Multiple myeloma treatment has evolved significantly over the past two decades, leading to improvements in progression-free and overall survival. Nonetheless, a significant challenge has emerged with the rising incidence of secondary neoplasms (SNs), including myeloid and lymphoid malignancies1, 2, 3. These malignancies are often therapy-related and associated with prior cytotoxic therapy, radiation, and prolonged maintenance treatment. As MM survival improves, understanding the spectrum, timing, and pathogenesis of therapy-related secondary neoplasms has become increasingly important. While previous studies have reported varying incidence rates of t-MDS/AML and secondary lymphomas following MM therapy, few have comprehensively analyzed these outcomes in a real-world cohort. Furthermore, the specific contributions of different therapeutic agents and transplant protocols to the risk of secondary neoplasms remain incompletely defined.

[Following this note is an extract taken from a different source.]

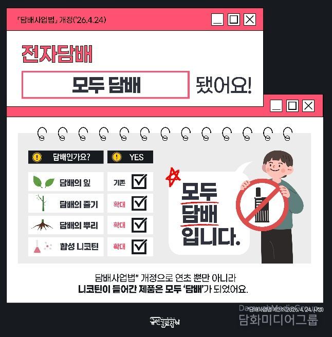 시민행정신문 강갑수 기자 | 서울 강서구는 오는 24일부터 시행되는 담배사업법 개정에 따라 전자담배를 포함한 모든 담배 제품에 대한 단속을 강화한다고 밝혔다.

This review paper aims to report on the incidence and types of secondary hematologic malignancies that occur in patients treated for MM, focusing on the impact of High dose- autologous stem cell transplant (HD-ASCT) and maintenance therapy as contributing factors. We also explore possible pathogenic mechanisms linking MM therapy to secondary neoplasms, with emphasis on stem cell damage, clonal evolution, and mutagenesis.